Indeed; I thought, he must not be. Anastasia went then to build up the fire for "The Living Sakhyan," who for all he would tend it himself or acknowledge her aid, had as well been dead. Very much moved, I went off with Croaker — uncertainly at first, then with more confidence as I learned how readily he responded to command now his lust was appeased. We crossed the stream easily above the bridge, where it was only waist-deep, and retrieved Max, whose alarm I quieted with some difficulty. He had of course witnessed the unhappy scene across the river, at first in despair, then in horror, at last in anxious wonder. But when I explained who Croaker was, and who were the bridge-girl and the men in yellow, and repeated Anastasia's account of her self-sacrifice for our sakes, he was more moved to pity even than I.

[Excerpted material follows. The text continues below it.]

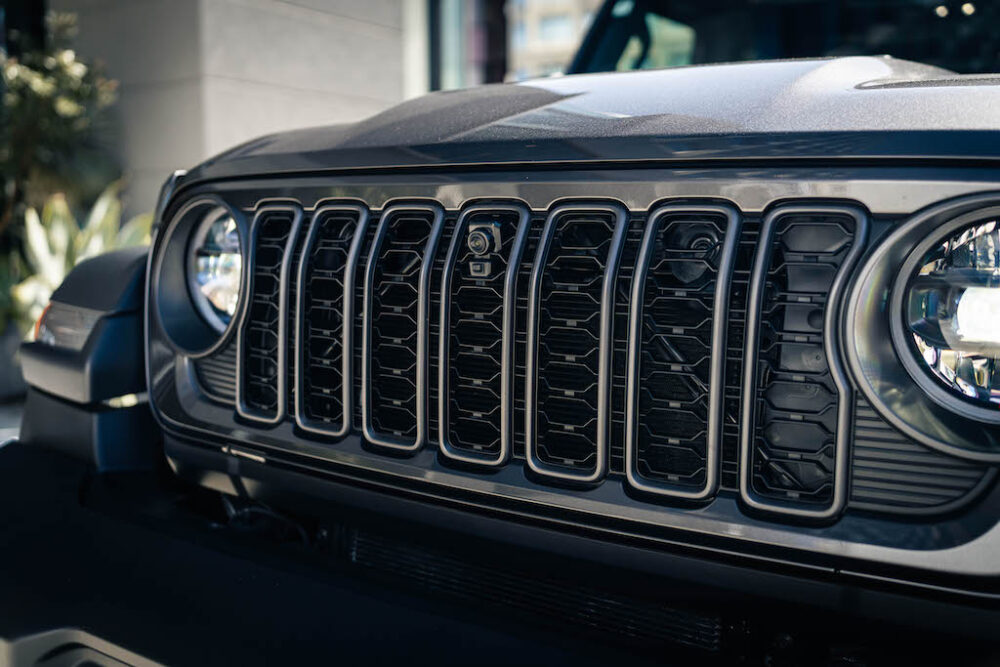 ジープが誇る縦に7つのスロットが刻まれたグリルに、丸いヘッドライト。誕生以来80年以上の長きに渡る伝統的なデザイン。新型ラングラーにもしっかりと受け継がれている。

"That Maurice Stoker," he said bitterly, "I know him, all right. He's a real Dean o' Flunks." With the aid of my walking stick (which Max had retrieved) I'd made Croaker understand that he was to carry my advisor in his arms, as G. Herrold had done earlier in the day, and the three of us proceeded thus to make our final crossing. To what I'd heard from Anastasia, Max added that Maurice Stoker was reputed to be a half-brother to the present Chancellor, but had been disowned by the Rexford family, a worthy and distinguished one, as well as expelled from New Tammany College, many years previously, for advocating the violent overthrow of every administration between the two Campus Riots. A militant anti-Founderist and anti-Finalist, and a notorious intriguer in varsity affairs, he was reputed to have played a role in the great Nikolayan Revolution, in the rise of the Bonifacist Reichskanzler, and in terrorist movements in virtually every quadrangle of the University. Wherever disorder was, Maurice Stoker seemed to be also, whether to assist in an anti-administration riot (even against men who themselves owed their offices to his plotting) or to encourage with his presence so trifling a disturbance as the ritual spring panty-raids on co-ed dormitories in NTC. Yet no one, it seemed, understood the management of the great West-Campus Power Plant as he did, or the multifarious operations of Main Detention — the bureau in charge of counterintelligence as well as the detection and punishment of domestic miscreants and course-failers. Indeed, among the causes of Max's disenchantment with political life was the fact that even the best-intentioned, most high-minded administrators (including young Lucius Rexford himself, whom Max rather admired) seemed unable to do without Maurice Stoker; fear and despise him as they might, all came at last to terms with him; in the present administration as in its predecessor, though he was seldom to be seen on New Tammany's Great Mall, he retained his offices at the Power Plant to the north and Main Detention to the south.